- WORK REQUIRED: Below are some records. Return exactly their lines from the one containing "Cut the may-green" through the one containing "龙船出水后村民们在荔湾湖中进行试水试扒。", and drop the pictures.

- DATASET ENTRIES:
········
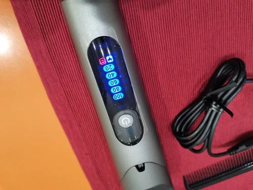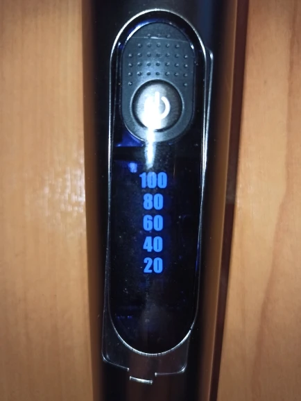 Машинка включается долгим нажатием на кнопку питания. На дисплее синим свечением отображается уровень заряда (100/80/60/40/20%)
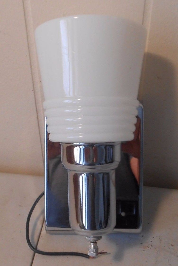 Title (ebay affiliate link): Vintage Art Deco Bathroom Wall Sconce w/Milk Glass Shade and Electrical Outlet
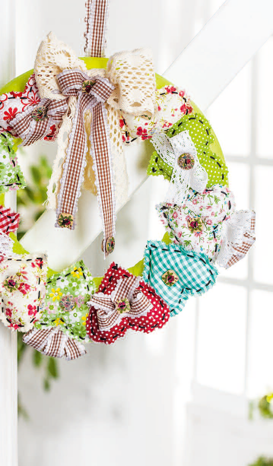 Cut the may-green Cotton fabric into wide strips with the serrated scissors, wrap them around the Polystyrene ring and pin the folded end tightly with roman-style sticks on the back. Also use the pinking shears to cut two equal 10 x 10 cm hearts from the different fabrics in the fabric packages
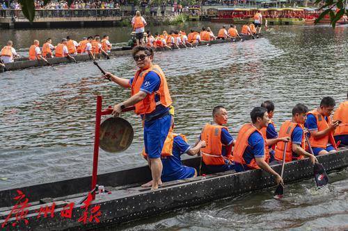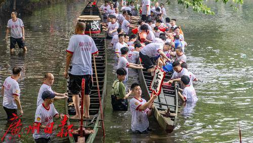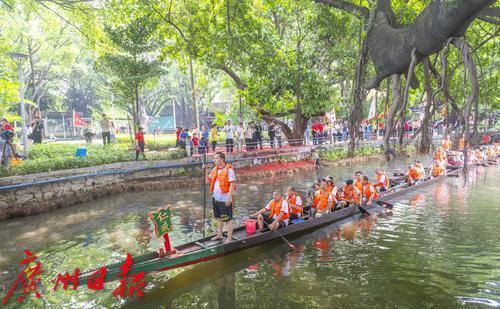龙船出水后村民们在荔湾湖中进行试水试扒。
········
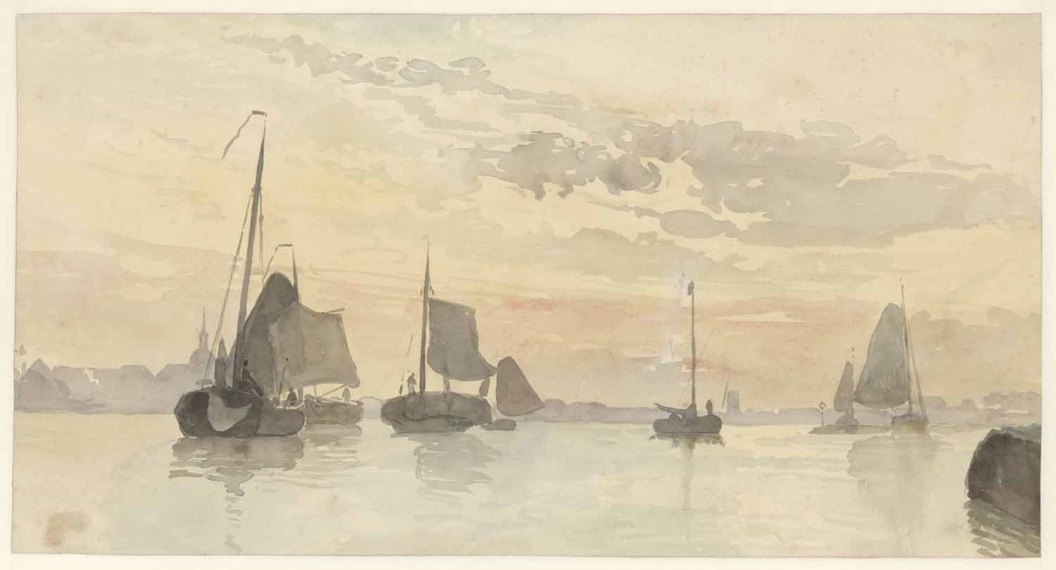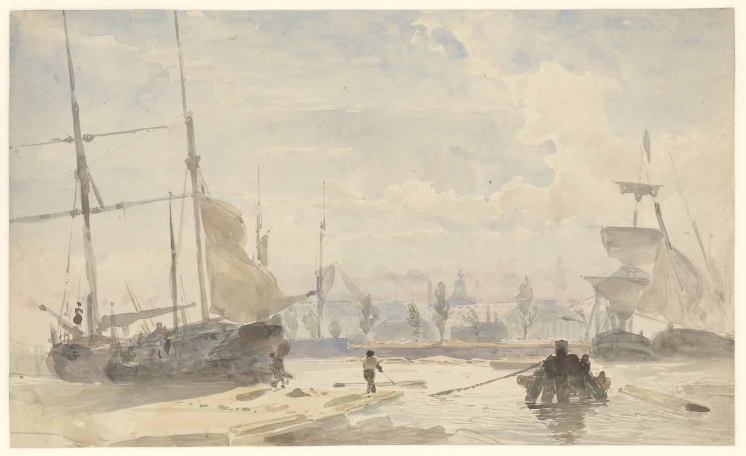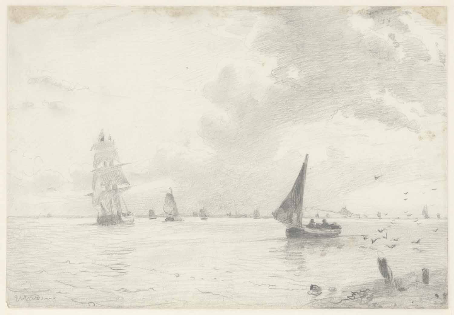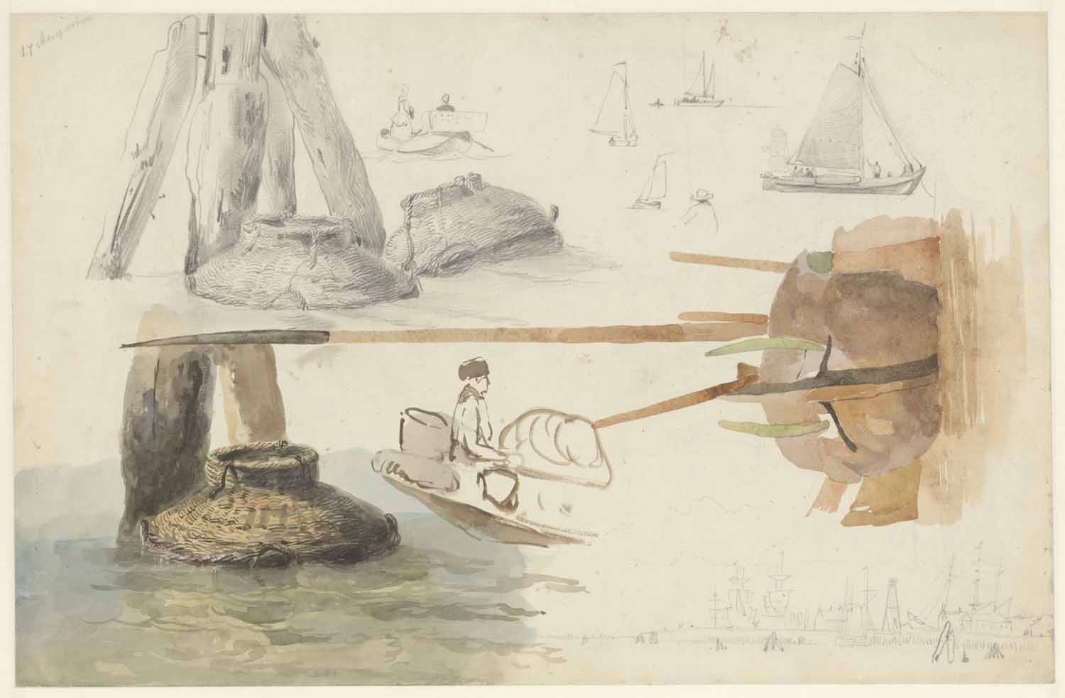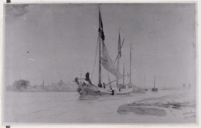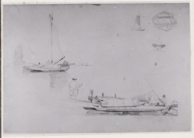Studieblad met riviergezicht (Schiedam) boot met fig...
········
- OUTPUT OF THE TASK:
 Cut the may-green Cotton fabric into wide strips with the serrated scissors, wrap them around the Polystyrene ring and pin the folded end tightly with roman-style sticks on the back. Also use the pinking shears to cut two equal 10 x 10 cm hearts from the different fabrics in the fabric packages
龙船出水后村民们在荔湾湖中进行试水试扒。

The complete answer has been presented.